To give a concrete example, back when I first listened to Animal Collective’s Feels, I couldn’t stand it. The lyrics drove me insane because they sounded like the inane and solipsistic ramblings of someone who just got into a new relationship. References to “making funny faces in the bathroom mirror” and needy codas like “Would you like to see me often?/Though you don’t need to see me often/Though I’d like to see you often/I don’t need to see you often” irritated me to no end. It wasn’t until I looked up the lyrics online and saw how dark and strange some of them where that I could begin to appreciate the album. For me, songs without some negativity or pain can never truly resonate because they ring false to my experience. If I were recommend an album using Sylvester’s above description of MPP, I wouldn’t go near it with a ten foot pole.

-Mark Richardson, who wrote the Pitchfork review of MPP and gave it a 9.5, is apparently a great fucking guy. How do we know this? Well, he was in a car full of Pitchfork critics and a song came on and he asked the name of the song. Mark Richardson is truly a model of humility if he was willing to risk the abject humiliation that could have come from revealing his musical ignorance to a car full of music critics. What this anecdote says about the vanity of certain music critics is kind of scary and the fact that Sylvester uses it to illustrate what a decent guy Richardson is makes me think he’s a few more notches above down to earth than he’d ever like to admit.

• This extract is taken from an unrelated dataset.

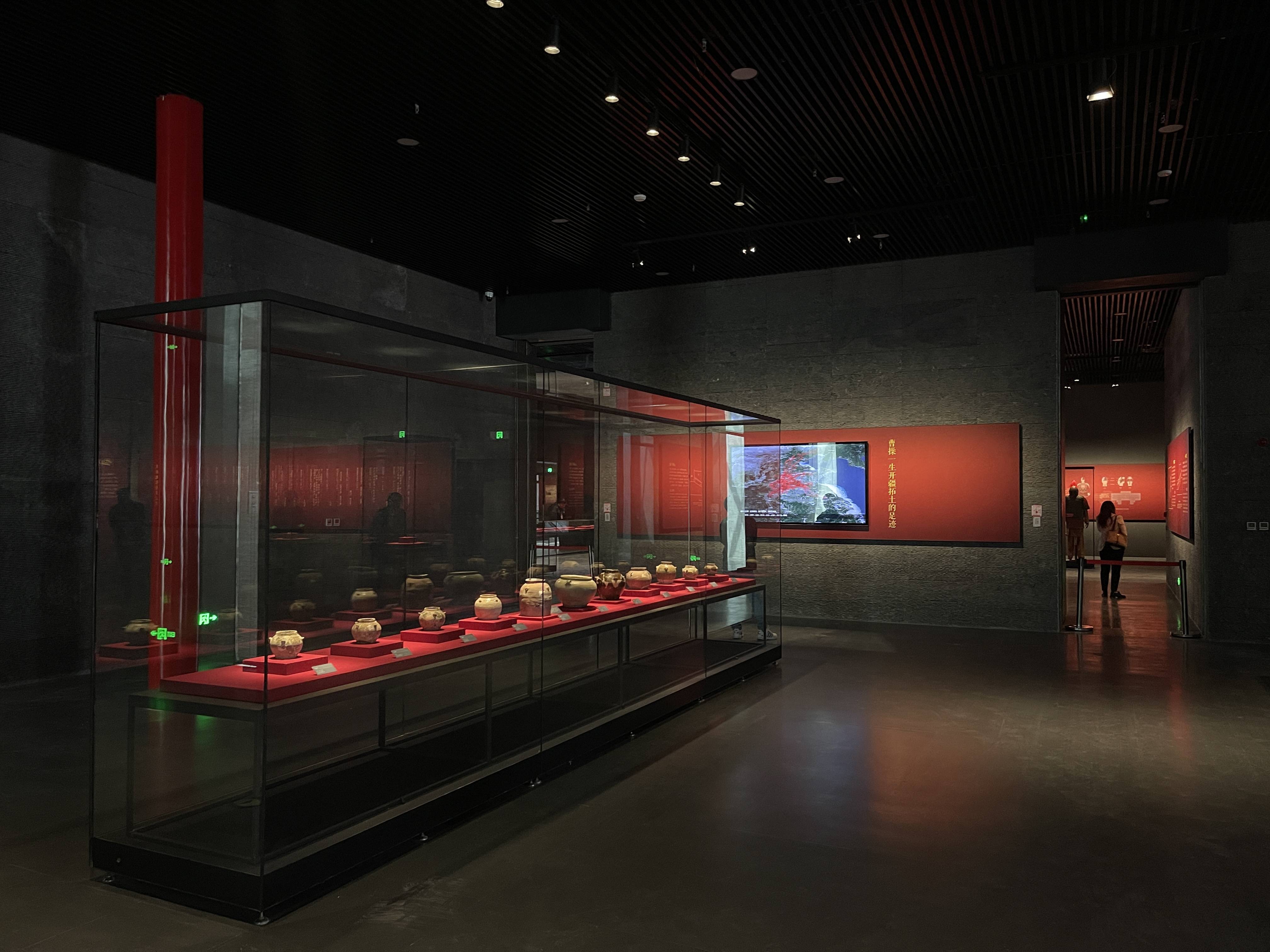 博物馆基本陈列分为遗址展示和室内展示两个区域。遗址展示区域面积18000余平方米,立体地展示了高陵陵园内的曹操墓本体、神道、陵前建筑基址、围壕、垣墙、陪葬墓等,游客可以通过栈道近距离参观这些遗址。
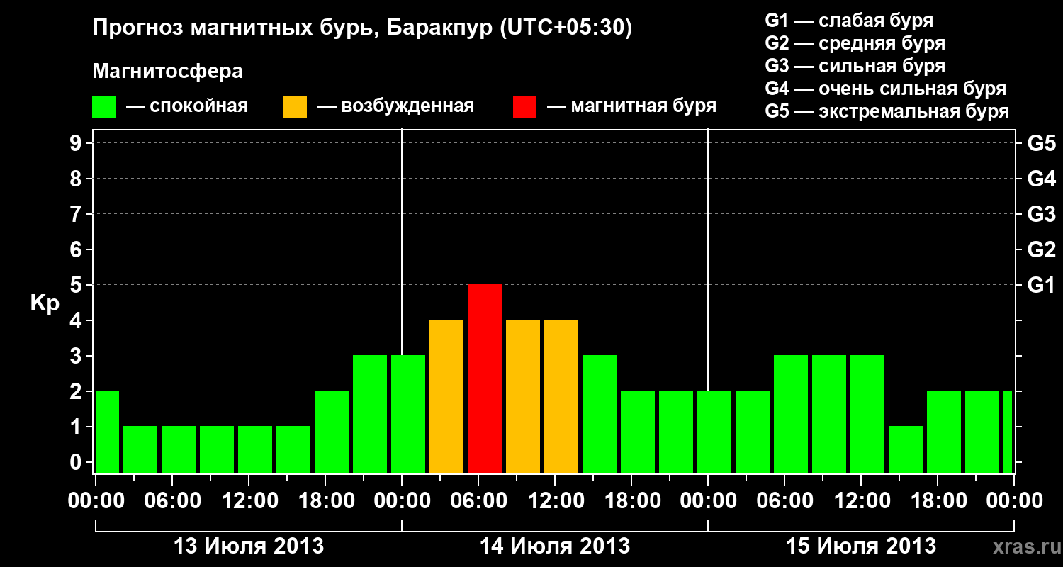 Прогноз магнитных бурь в Баракпуре — 13 июля 2013 года

-Sylvester’s critique of HRO is ultimately a pretty important one, I think. As much as the site is a satire of trends in music, fashion, and culture changing daily and weekly, seemingly totally oblivious to any actual market or scene or demographic, it’s also a real reflection of an immense cynicism about the power of culture or art to do anything. All those first level “alts” are pictured on the site looking naive and enthusiastic about music and life so that people older and more cynical than them can laugh at how much those kids are going to be disappointed by everything. The endless running joke of the site is the belief of all these fresh faced kids that everything is going to fall in place for them, that once when they leave high school or college, they’ll move to a big city, find a great music/art scene, land a creative and fulfilling job, and live happily ever after.

I can’t lie and say I haven’t laughed at that joke, but it’s a cruel one. If the world is as truly as empty and sad as HRO seems to think it is, the least we deserve is our illusions.